**EXERCISE DESCRIPTION:**
Print again, word for word, all of the records below, and leave the pictures out.

**Data excerpts:**
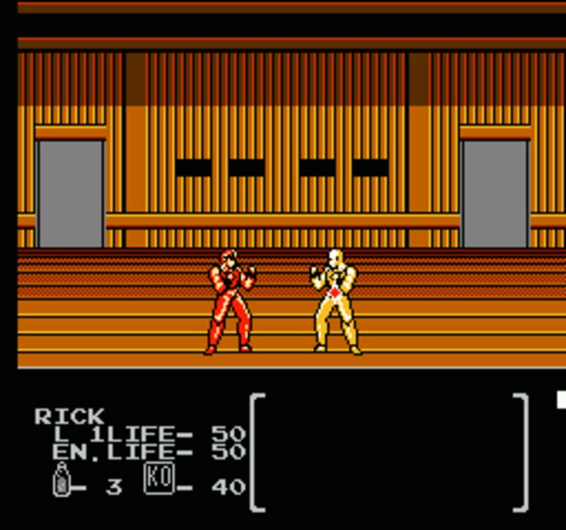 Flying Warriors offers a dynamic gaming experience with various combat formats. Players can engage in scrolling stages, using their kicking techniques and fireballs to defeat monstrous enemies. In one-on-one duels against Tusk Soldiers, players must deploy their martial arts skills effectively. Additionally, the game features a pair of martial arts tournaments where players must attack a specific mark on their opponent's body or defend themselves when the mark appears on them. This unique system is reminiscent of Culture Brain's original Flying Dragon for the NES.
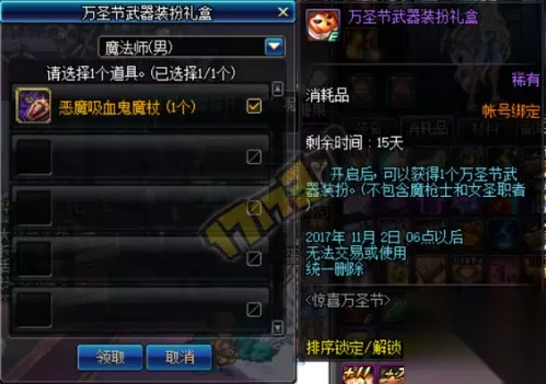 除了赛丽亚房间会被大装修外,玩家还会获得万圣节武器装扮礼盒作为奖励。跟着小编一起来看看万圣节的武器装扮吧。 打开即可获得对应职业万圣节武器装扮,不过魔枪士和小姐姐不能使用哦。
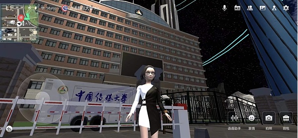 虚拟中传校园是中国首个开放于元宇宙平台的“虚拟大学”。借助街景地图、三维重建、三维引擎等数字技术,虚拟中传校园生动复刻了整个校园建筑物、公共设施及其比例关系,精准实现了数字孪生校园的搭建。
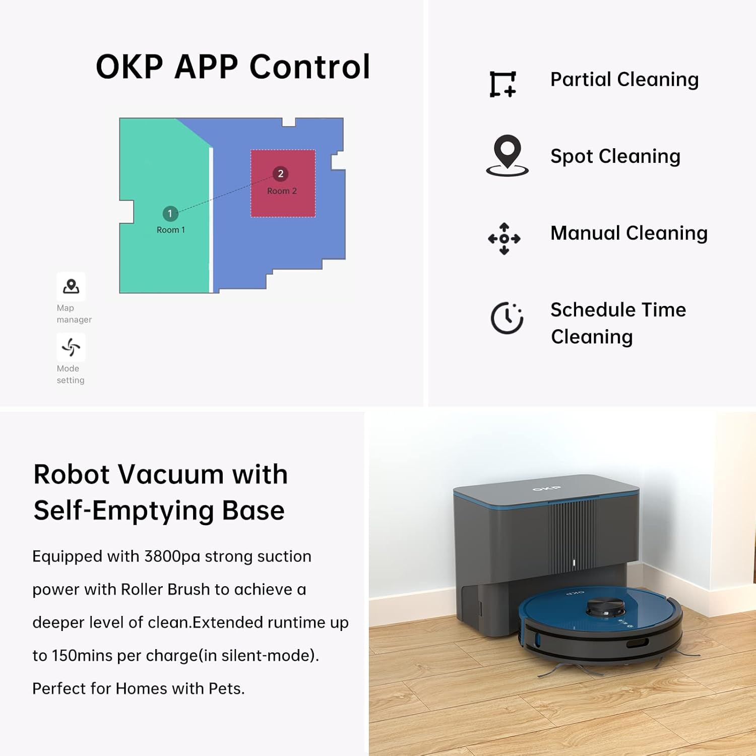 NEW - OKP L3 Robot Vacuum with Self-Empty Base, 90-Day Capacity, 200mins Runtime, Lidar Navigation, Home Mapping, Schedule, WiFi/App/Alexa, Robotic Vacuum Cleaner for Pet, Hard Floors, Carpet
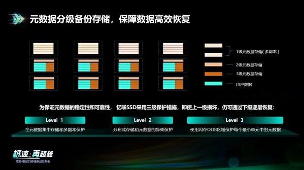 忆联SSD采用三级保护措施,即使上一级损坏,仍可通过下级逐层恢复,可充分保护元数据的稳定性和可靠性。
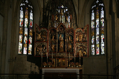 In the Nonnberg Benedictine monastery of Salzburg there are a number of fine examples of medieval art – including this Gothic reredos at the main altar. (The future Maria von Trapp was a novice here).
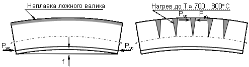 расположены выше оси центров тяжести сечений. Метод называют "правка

**COMPLETED EXERCISE:**
 Flying Warriors offers a dynamic gaming experience with various combat formats. Players can engage in scrolling stages, using their kicking techniques and fireballs to defeat monstrous enemies. In one-on-one duels against Tusk Soldiers, players must deploy their martial arts skills effectively. Additionally, the game features a pair of martial arts tournaments where players must attack a specific mark on their opponent's body or defend themselves when the mark appears on them. This unique system is reminiscent of Culture Brain's original Flying Dragon for the NES.
 除了赛丽亚房间会被大装修外,玩家还会获得万圣节武器装扮礼盒作为奖励。跟着小编一起来看看万圣节的武器装扮吧。 打开即可获得对应职业万圣节武器装扮,不过魔枪士和小姐姐不能使用哦。
 虚拟中传校园是中国首个开放于元宇宙平台的“虚拟大学”。借助街景地图、三维重建、三维引擎等数字技术,虚拟中传校园生动复刻了整个校园建筑物、公共设施及其比例关系,精准实现了数字孪生校园的搭建。
 NEW - OKP L3 Robot Vacuum with Self-Empty Base, 90-Day Capacity, 200mins Runtime, Lidar Navigation, Home Mapping, Schedule, WiFi/App/Alexa, Robotic Vacuum Cleaner for Pet, Hard Floors, Carpet
 忆联SSD采用三级保护措施,即使上一级损坏,仍可通过下级逐层恢复,可充分保护元数据的稳定性和可靠性。
 In the Nonnberg Benedictine monastery of Salzburg there are a number of fine examples of medieval art – including this Gothic reredos at the main altar. (The future Maria von Trapp was a novice here).
 расположены выше оси центров тяжести сечений. Метод называют "правка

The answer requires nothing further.